INFORMATION PROVIDED:
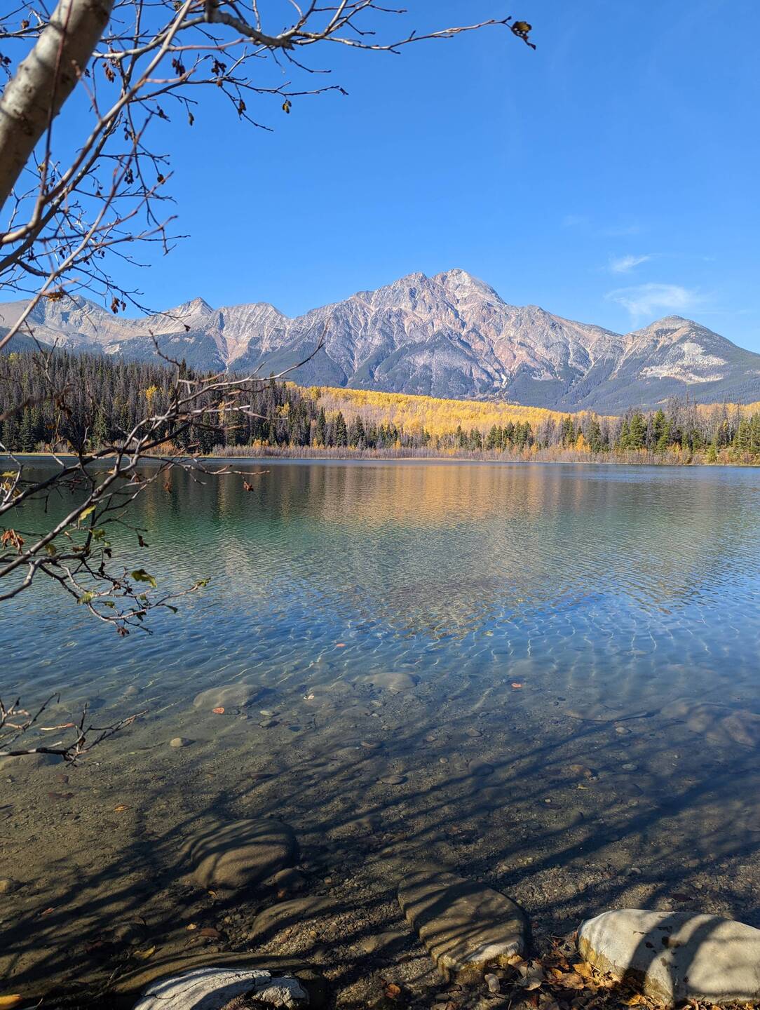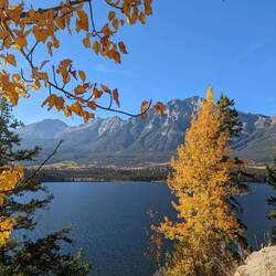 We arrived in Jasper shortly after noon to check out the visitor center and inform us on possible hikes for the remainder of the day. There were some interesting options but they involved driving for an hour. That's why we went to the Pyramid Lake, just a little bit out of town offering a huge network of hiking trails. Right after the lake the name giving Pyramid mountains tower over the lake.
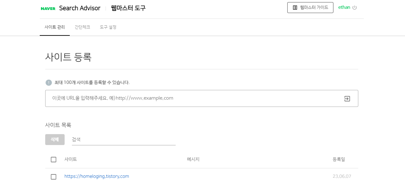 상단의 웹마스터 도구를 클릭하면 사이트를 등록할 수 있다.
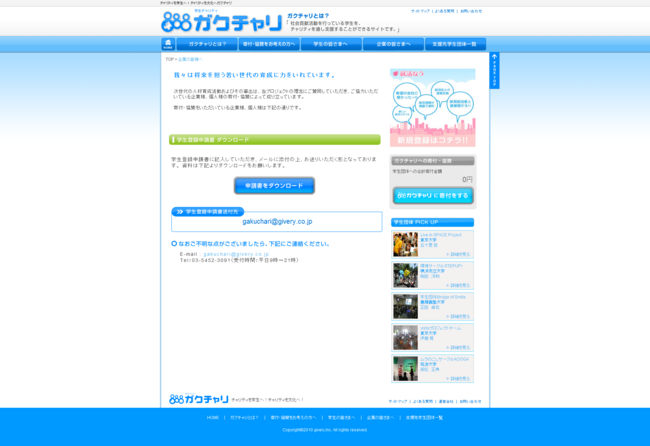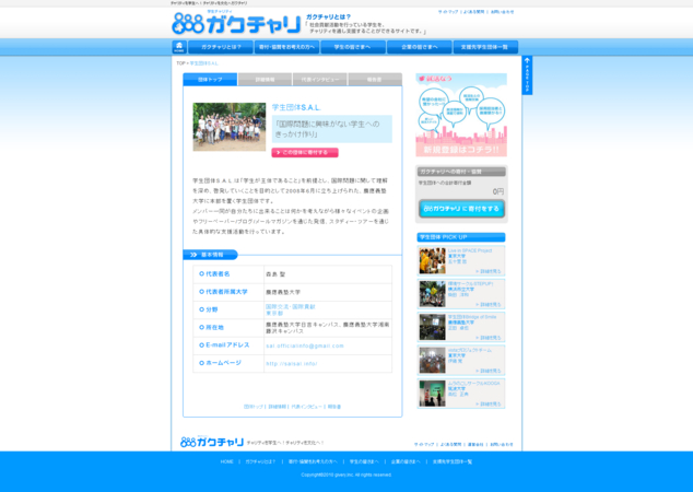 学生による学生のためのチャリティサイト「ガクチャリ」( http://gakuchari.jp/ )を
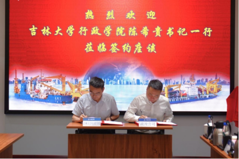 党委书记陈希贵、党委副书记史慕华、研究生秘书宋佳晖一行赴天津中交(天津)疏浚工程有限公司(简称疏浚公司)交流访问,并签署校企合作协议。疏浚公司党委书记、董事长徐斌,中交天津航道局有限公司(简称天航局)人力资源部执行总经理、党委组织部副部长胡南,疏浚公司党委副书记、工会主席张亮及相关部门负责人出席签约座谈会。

ACTIVITY:
Word for word, write out the whole listing, keeping none of the pictures.

SOLUTION FOR THIS EXERCISE:
 We arrived in Jasper shortly after noon to check out the visitor center and inform us on possible hikes for the remainder of the day. There were some interesting options but they involved driving for an hour. That's why we went to the Pyramid Lake, just a little bit out of town offering a huge network of hiking trails. Right after the lake the name giving Pyramid mountains tower over the lake.
 상단의 웹마스터 도구를 클릭하면 사이트를 등록할 수 있다.
 学生による学生のためのチャリティサイト「ガクチャリ」( http://gakuchari.jp/ )を
 党委书记陈希贵、党委副书记史慕华、研究生秘书宋佳晖一行赴天津中交(天津)疏浚工程有限公司(简称疏浚公司)交流访问,并签署校企合作协议。疏浚公司党委书记、董事长徐斌,中交天津航道局有限公司(简称天航局)人力资源部执行总经理、党委组织部副部长胡南,疏浚公司党委副书记、工会主席张亮及相关部门负责人出席签约座谈会。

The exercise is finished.